# A couple of questions for TTS owners



## mono-stereo (Aug 6, 2006)

Hi guys,
Im wondering if current owners could comment on the amount of "tyre roar/road noise" in the cabin while cruising on UK motorways. The mk2 TTS I hired a while back seemed to be quite noisy on certain road surfaces. I'm particularly interested in how this car compares as a "GT" to say a BMW M4 or a Cayman in terms of the odd long cross country schelp.

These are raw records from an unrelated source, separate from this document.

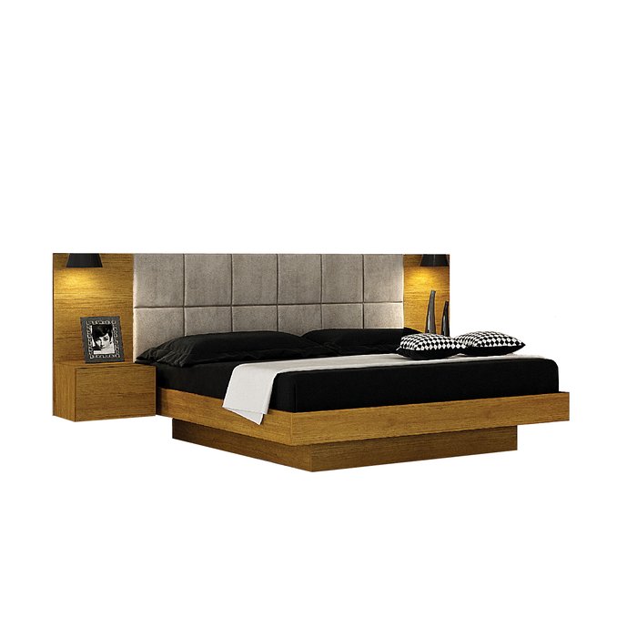 Cama de Casal Queen Size Braga com Mesa de Cabeceira e Painel Almofadado Joli Camurça Leifer Moveis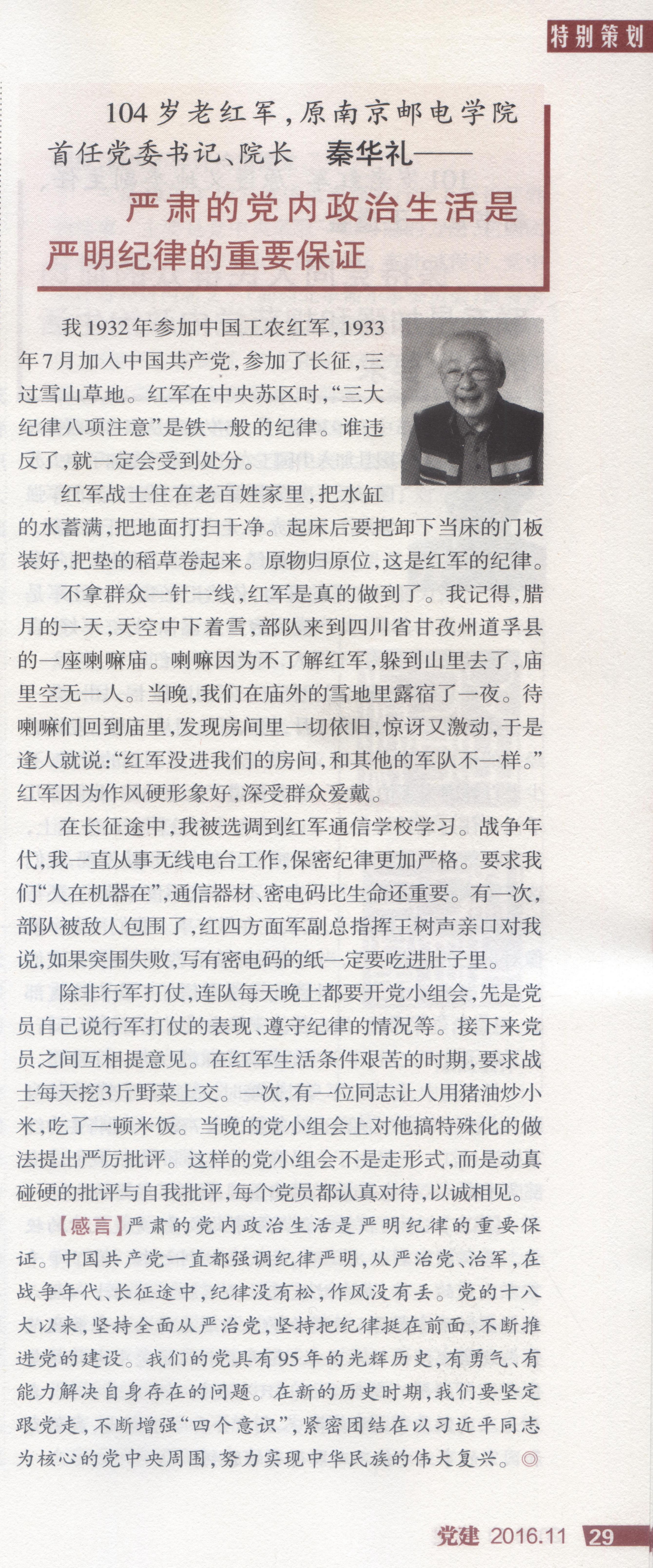 ——2016年第10期《党建》杂志:革命人永远是年轻—记104岁的老红军、原南京邮电学院首任党委书记兼院长秦华礼
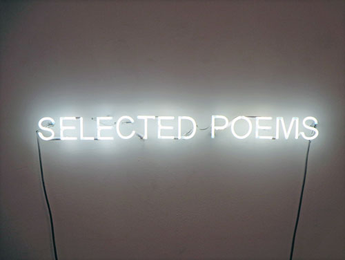 Me acuerdo que la obra Selected Poems me hizo pensar en la espera, un hombre joven acostado en una cama, con un libro de poemas en las manos y la luz del neón entrando por la ventana desde un hotel situado al otro lado de la calle.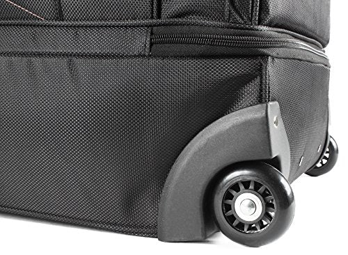 - Duffel bag is mobile on smooth corner mounted wheels for hassle-free transportation.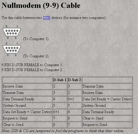 Нулевой тип модема: DB9 # 2-TX(yellw), 3-RX (оранжевый), 5-GND(blk), 7-CTS (зеленый), 8-RTS (коричневый)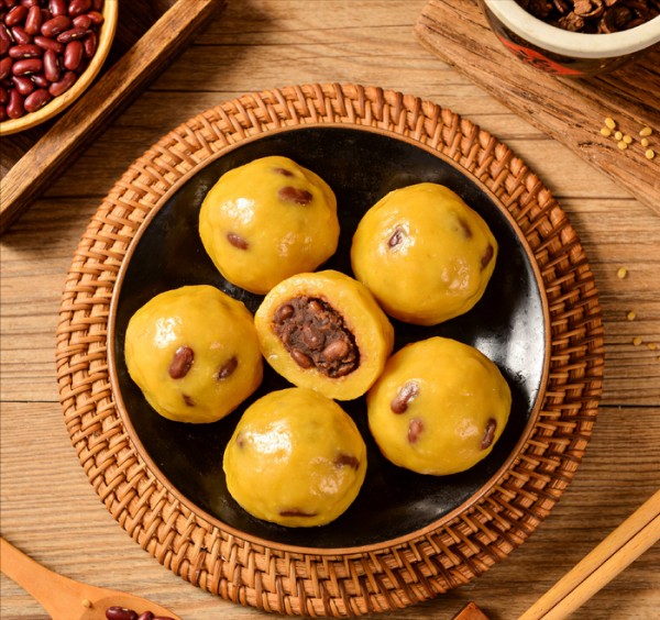 北方黏豆包的制作颇为讲究,外皮选用颗粒饱满的大黄米或糯米,提前浸泡后磨成粉,发酵后揉成光滑的面团,口感自带软糯的韧性。内馅则是精心熬煮的红豆沙或芸豆泥,甜而不腻,带着豆子本身的清香。民间常说“黏食黏福气”,十月二十六吃黏豆包,便是希望这份软糯能“黏住”一年的好运气。加热后的黏豆包口感温热软糯,咬一口下去,外皮的绵密与内馅的香甜交融,既能暖胃驱寒,适配寒冷的天气,也能带来满满的幸福感。部分家庭还会将精心制作的黏豆包作为祭祀供品,以此祈求来年五谷丰登,生活过得像豆馅一样甜蜜。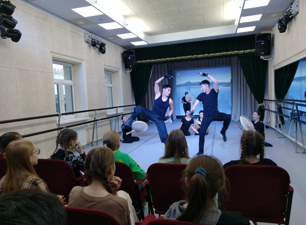 07 октября 2022 года танцевальный коллектив Чукотского окружного профильного лицея встретился с артистами Государственного академического чукотско-эскимосского ансамбля «Эргырон», что в переводе означает «рассвет». Ребята познакомились с историей создания ансамбля, биографией его первых участников.  Также вниманию ребят были представлены фотографии разных лет с мест проведения гастролей, рабочих моментов, документы, подтверждающие достижения в области песенного и танцевального искусства. Обучающиеся Лицея посетили недавно обновленный класс для хореографии, в котором сделано все для того, чтобы совершенствовались танцевальные навыки. Далее прошли танцевальные мастер-классы – было исполнено пять танцев с последующим разбором движений, объяснением смысла каждого из них.  Лицеисты попробовали повторить танцевальные движения, взяли в руки национальный музыкальный инструмент – «ярар» и даже постучали в него. По завершении встречи участники «Эргырона» ответили на вопросы ребят. Мероприятие очень понравилась лицеистам, они мотивируют ребят и воодушевляют на самосовершенствование.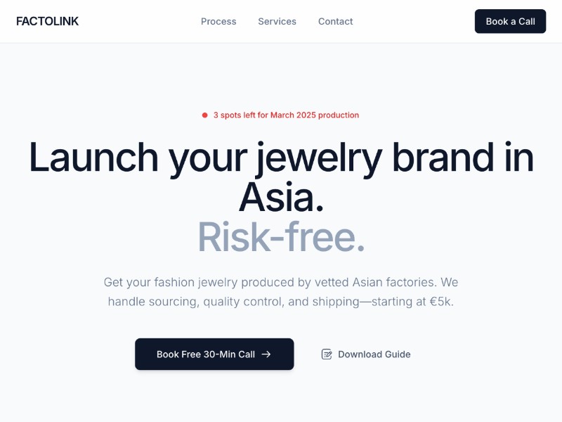 Factolink Fashion Jewelry Agency Landing Page Template is a clean, conversion-focused layout for production and sourcing agencies working with fashion jewelry brands.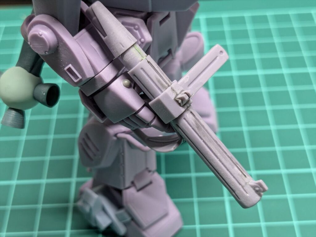 接着すると、銃口側のパーツが銃身側より少し大きいので、銃身側に合わせるように削りました。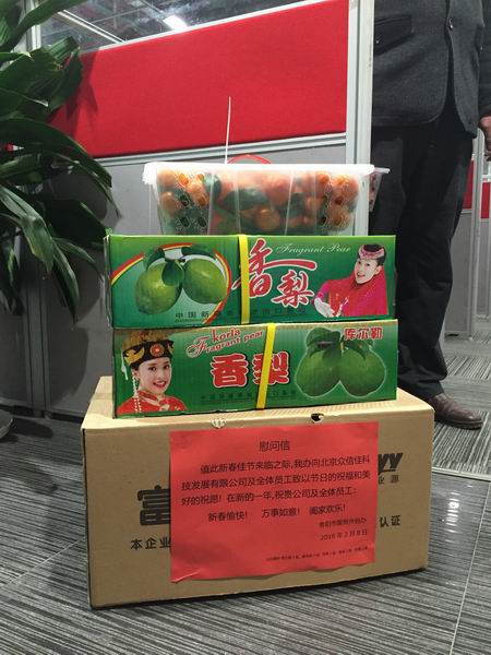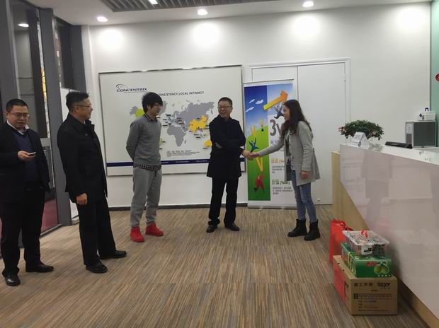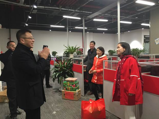 2016年2月8日,大年初一上午9点30分,市人大副主任、市服务外包及呼叫中心产业发展领导小组常务副组长向阳带队,来到贵阳呼叫中心与服务外包示范基地,慰问了在春节期间正常运营上班的当当网、聚盟、普惠快信、华云、众信佳、惠普(维护)的六家企业,看望了坚守在岗位上的300余名员工,给他们送去了苹果、香梨、贡橘,以及酸枣糕、瑞士糖等物资近百余箱(件),为入住我市的服务外包及呼叫中心企业送上市委、市政府的亲切关怀、节日祝福。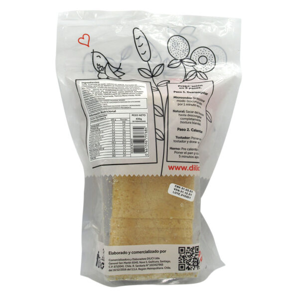 Pan de Molde Blanco Suave y Esponjoso Sin Gluten 430 grs marca Dilici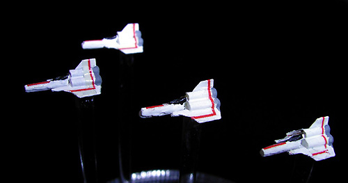 These four tiny Viper starfighters are not in scale with the rest of the ships. I've been told they are in scale with the Galactica studio model. Anyhow I wanted them on my diorama - I could not resist - they are soooo cute! Each Viper is painted with a drop of Citadel Skull White. The red markings were done with thin decals I found in my leftover decal collection. The cockpit and the thrusters are painted with a small brush.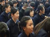 講演は、生徒との対話も取り入れられながらすすめられ、今後、探究学習に取り組むための基礎となる考え方を提示していただきました。ニュートンの「巨人の肩の上に乗る」というお話が印象的でした。課題研究とは、インターネットや書籍で見つけたことを書き並べるだけではなく、先人たちが行った研究の業績を踏まえた上で、自分でデータを収集・検証し、問題に対する解決方法を考える(全員が納得する解決方法はないかもしれない)ということをお話いただきました。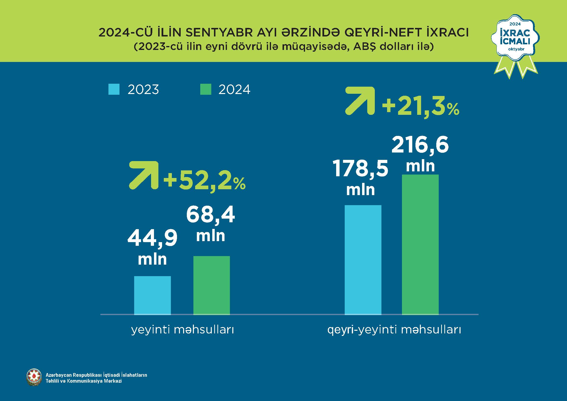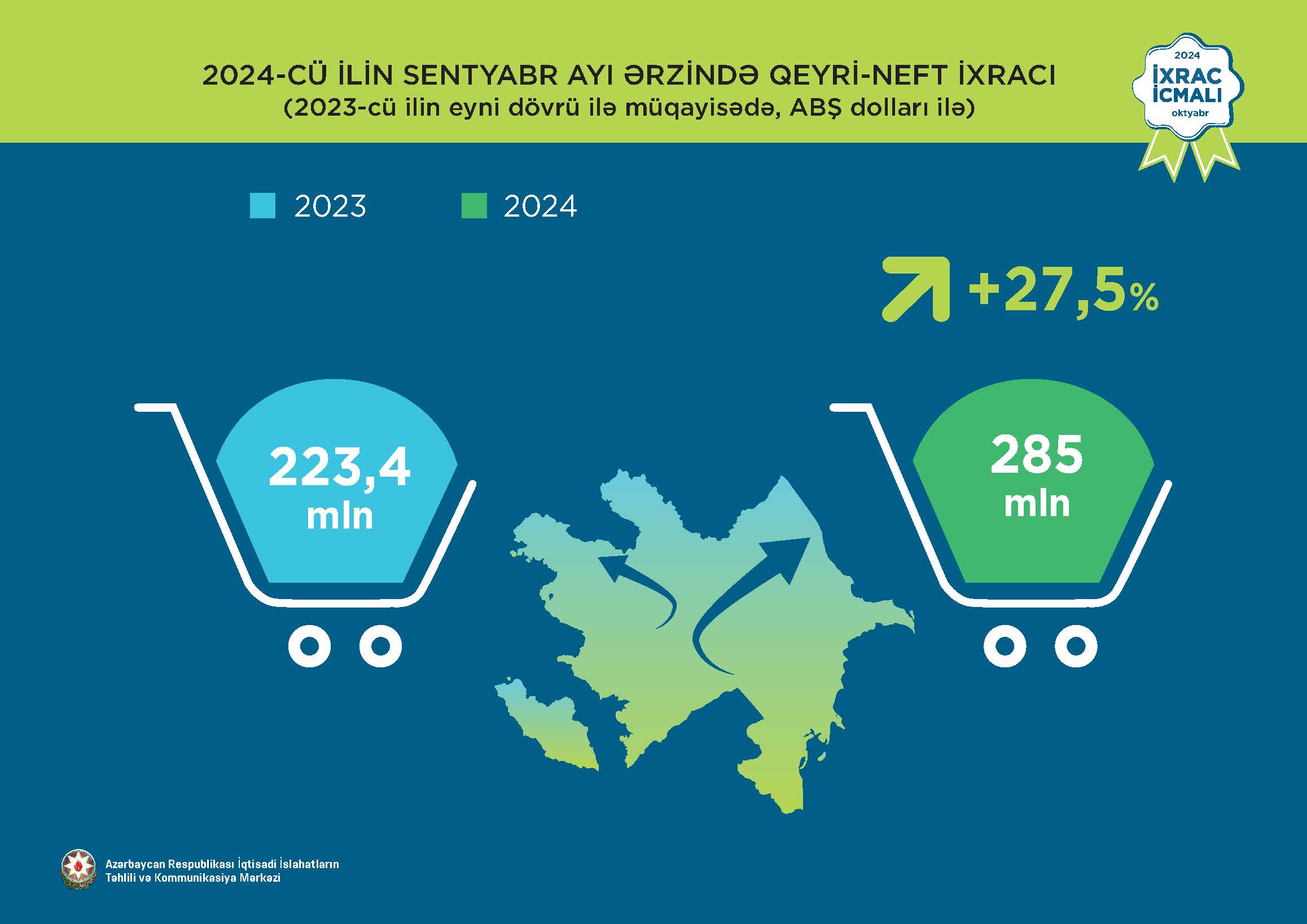 İqtisadi İslahatların Təhlili və Kommunikasiya Mərkəzi (İİTKM) “İxrac icmalı”nın oktyabr ayı üçün ilkin rəqəmlərini təqdim edib.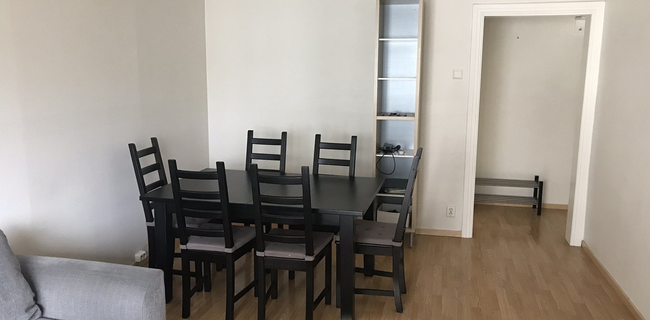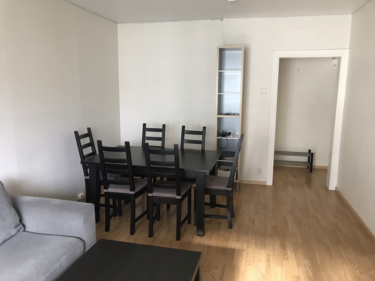 Leiligheten på 56 m3 har 2 soverom, eget kjøkken, bad, toalettrom, gang og en romslig stue. Den er delvis møblert med komfyr, oppvaskmaskin, vaskemaskin, kjøleskap, støvsuger, kommoder, skrivebord, senger, sofa og spisestue. Egen innboliste vil bli vedlagt kontrakt.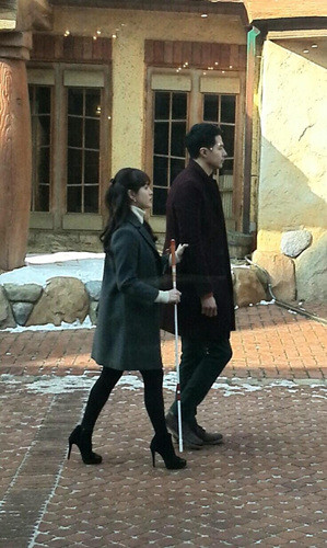 극 중 갑자기 찾아온 시각장애로 고통 받는 대기업 상속녀 오영 역을 맡은 송혜교는 한 손에는 시각장애인용 지팡이를 들고 다른 한 손으로는 조인성의 한쪽 팔을 잡고 길을 걸어가고 있다.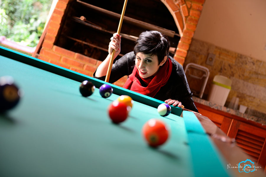 Não sou nenhuma expert, mas jogo bem levando-se em conta que nunca joguei sinucão (aquela do mesão grande, oficial!), mas já botei marmanjos no bolso e fui decisiva em várias situações, hahahaha.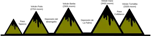 Les dépressions entre les volcans, tels que Tapezco, Desengaño, La Palma et Coliblanco, permettent l’entrée dans la vallée Centrale des alizés venant de la mer des Caraïbes, et le développement de voies de communication entre la vallée Centrale d'une part et les zones nord et atlantique du Costa Rica d'autre part.
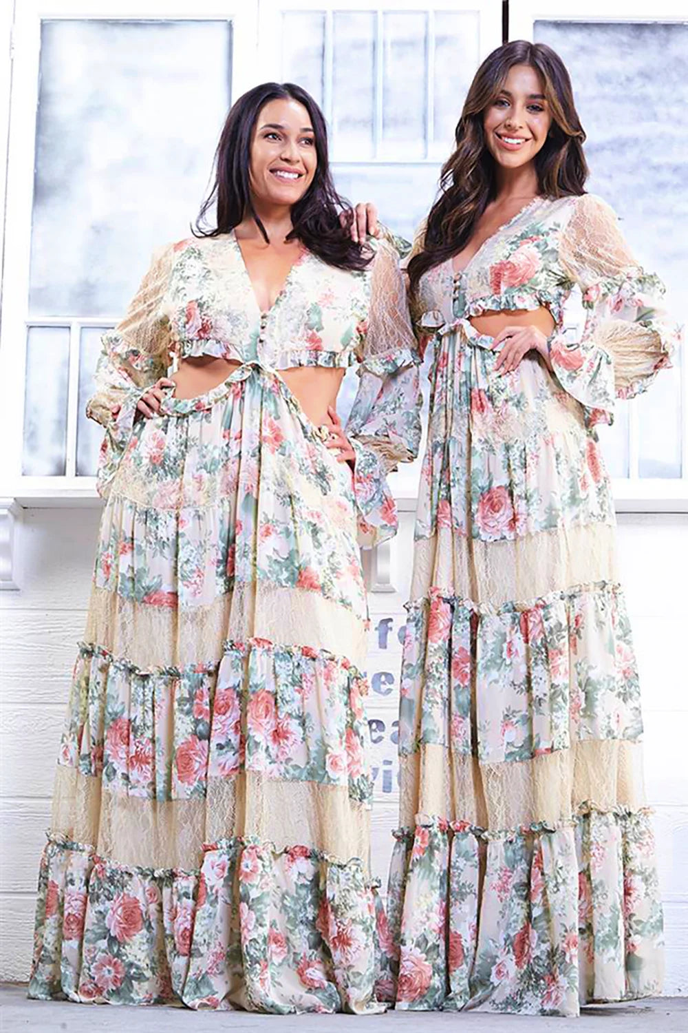 🖤 Features: Floral pattern, cut out, flowy maxi length, ruffle detail along the skirt, semi-sheer bottom layer, lace detail, front button, open back, v-neck, not see through, tiered, back zipper closure.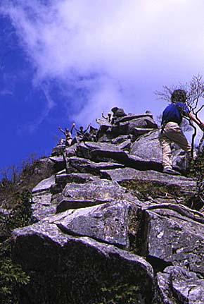 ミ〜ヨンさんが、ここでリタイアー!この先に、グラクラした大岩が今にも落ちそうな様子に一瞬たじろぐ。勿論この場所には鎖が無い。この岩を乗り越えなければ、その先に進めないのだ。かなり危険な個所には間違いない。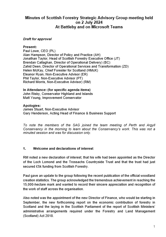 Meeting minutes for the Scottish Forestry Strategic Advisory Group from July 2024.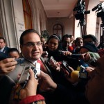 El Gobernador Javier Duarte cuestionado el día de hoy por periodistas. Foto: Cuartoscuro.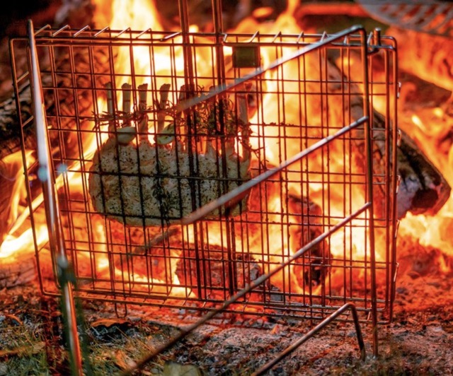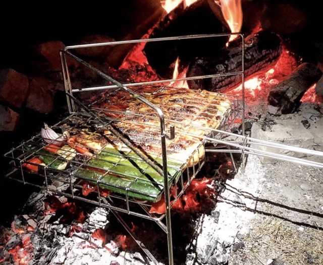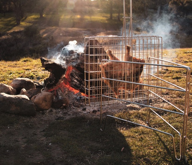 The last and only BBQ you’ll ever need in the bush. No more flipping individual steaks and snags and can cook a complete flat chook and butterflied lamb shoulder with ease.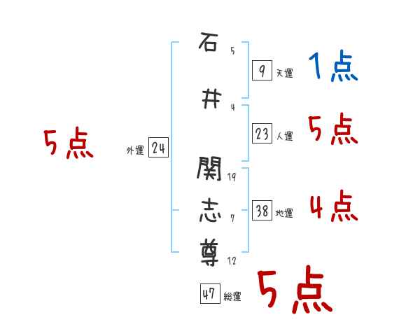 外運![]() | 石井関志尊さんの外運は24画の5つ星!家庭運が良く順調な人生。金運にも恵まれる。 生活面を象徴する運勢です。外部から受ける影響力を表し、結婚運、家庭運や職場、環境への順応性を表します。 |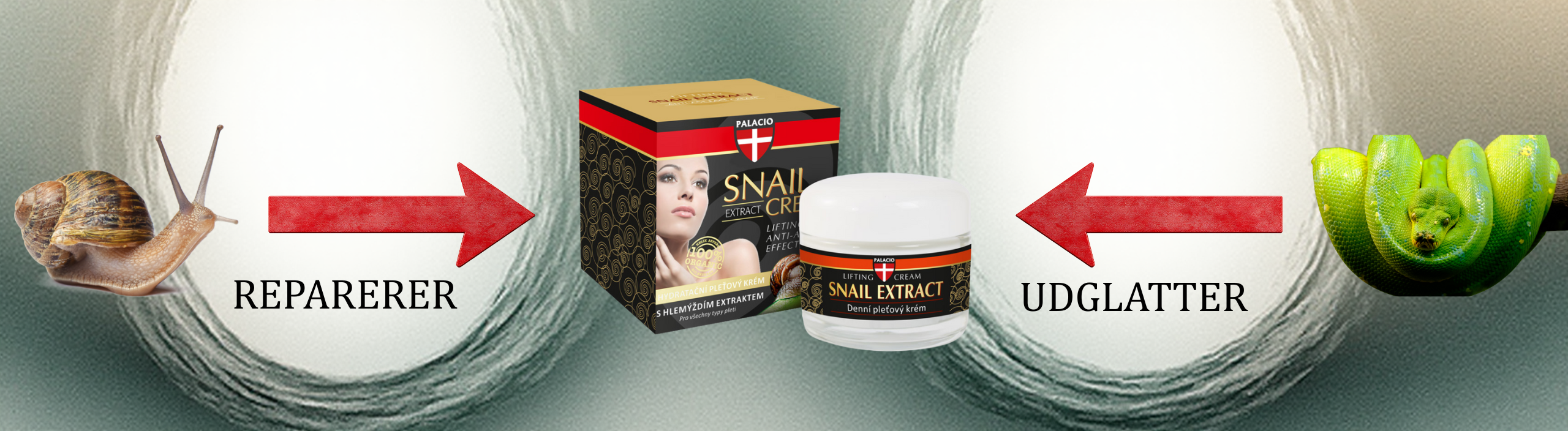 Vælg PALACIO Snail Extract Anti-age Face Cream, hvis... ...du vil have den komplette "alt-i-en" pakke. Du får både den reparerende, fugtgivende og glød-givende effekt fra snegleslimet, PLUS den ekstra bonus-effekt af det rynke-udglattende SYN-AKE peptid. Det er den ultimative "powerhouse"-creme til generel anti-age.

Also, still not sure on no middle screen for nav etc. Does the person in the passenger seat have any visibility from where they sit of the "virtual cockpit" so that they canchange volume/radio station etc? Seems like a small thing but the mrs likes to turn my bad music down and choose her own tunes etc.

Cheers!


----------



## pcullen (Feb 26, 2016)

mono-stereo said:


> Hi guys,
> Im wondering if current owners could comment on the amount of "tyre roar/road noise" in the cabin while cruising on UK motorways. The mk2 TTS I hired a while back seemed to be quite noisy on certain road surfaces. I'm particularly interested in how this car compares as a "GT" to say a BMW M4 or a Cayman in terms of the odd long cross country schelp.
> 
> Also, still not sure on no middle screen for nav etc. Does the person in the passenger seat have any visibility from where they sit of the "virtual cockpit" so that they canchange volume/radio station etc? Seems like a small thing but the mrs likes to turn my bad music down and choose her own tunes etc.
> ...


Hi mate, i cant comment on the road noise as i have the diesel s-line but as for the sat nav and passenger viewing the virtual cockpit i would say its far more convenient having the sat nav right infront of you instead of in the middle of the dash.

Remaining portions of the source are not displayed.